→ Dataset extract
════════════════════

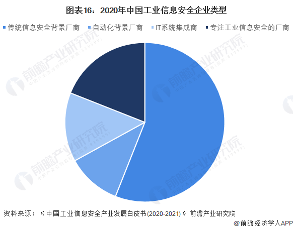 在国内涉及工业信息安全业务的企业中,根据业务发展背景可以分为自动化背景厂商、传统信息安全背景厂商、IT系统集成商以及专注工业信息安全的厂商四大类。其中,传统信息安全背景厂商的数量最多,2020年该类工业信息安全企业的数量占比达到了56%。
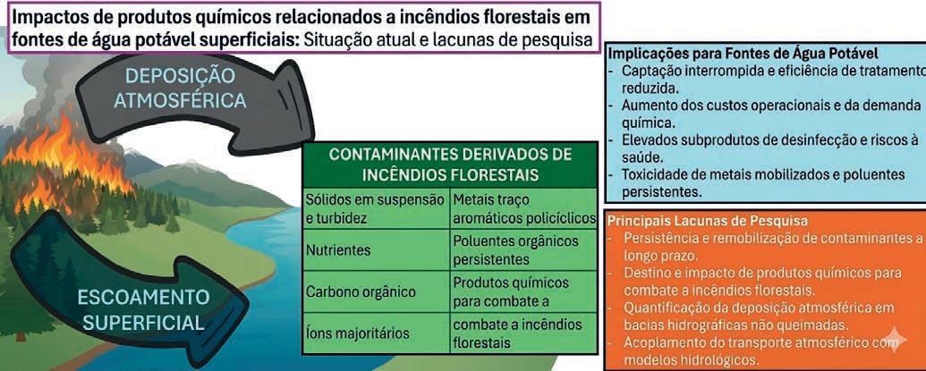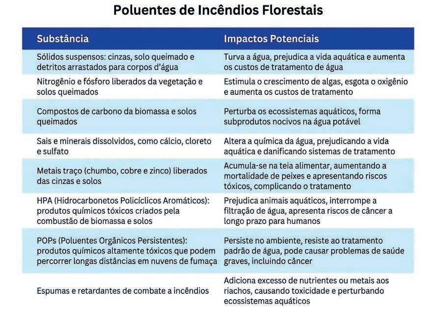 Os impactos de um incêndio florestal na água que bebemos não terminam quando as chamas se apagam; muitas vezes, eles surgem meses ou anos depois. Quando chove ou a neve derrete, sedimentos, cinzas, nutrientes, metais pesados e até produtos químicos usados no combate ao fogo (como retardantes) são levados para os rios e bacias hidrográficas. Isso compromete a qualidade da água bruta, eleva significativamente os custos de tratamento para as cidades...
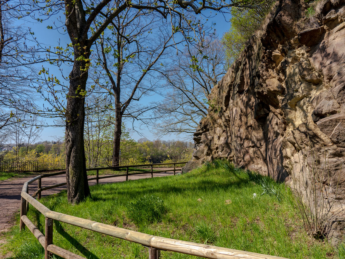 Eine ebenso schöne Aussicht ins Tal bieten die Bastionen am Rande der einstigen Steinbruchwände. Von hier wie auch vom Turm zeigt sich ein nahezu perfektes Modelleisenbahn-Panorama mit Fluss, Autobahnbrücke und Bahngleisen, winzigen Autos, die im Felsentunnel verschwinden, der ehemaligen Felsenkellerbrauerei, dem alten Bahnhof und von Zeit zu Zeit sogar mit einer leuchtend roten S-Bahn.

════════════════════

→ Exercise prompt
Reproduce the listing above exactly, without a single picture.

→ Answer to this exercise
 在国内涉及工业信息安全业务的企业中,根据业务发展背景可以分为自动化背景厂商、传统信息安全背景厂商、IT系统集成商以及专注工业信息安全的厂商四大类。其中,传统信息安全背景厂商的数量最多,2020年该类工业信息安全企业的数量占比达到了56%。
 Os impactos de um incêndio florestal na água que bebemos não terminam quando as chamas se apagam; muitas vezes, eles surgem meses ou anos depois. Quando chove ou a neve derrete, sedimentos, cinzas, nutrientes, metais pesados e até produtos químicos usados no combate ao fogo (como retardantes) são levados para os rios e bacias hidrográficas. Isso compromete a qualidade da água bruta, eleva significativamente os custos de tratamento para as cidades...
 Eine ebenso schöne Aussicht ins Tal bieten die Bastionen am Rande der einstigen Steinbruchwände. Von hier wie auch vom Turm zeigt sich ein nahezu perfektes Modelleisenbahn-Panorama mit Fluss, Autobahnbrücke und Bahngleisen, winzigen Autos, die im Felsentunnel verschwinden, der ehemaligen Felsenkellerbrauerei, dem alten Bahnhof und von Zeit zu Zeit sogar mit einer leuchtend roten S-Bahn.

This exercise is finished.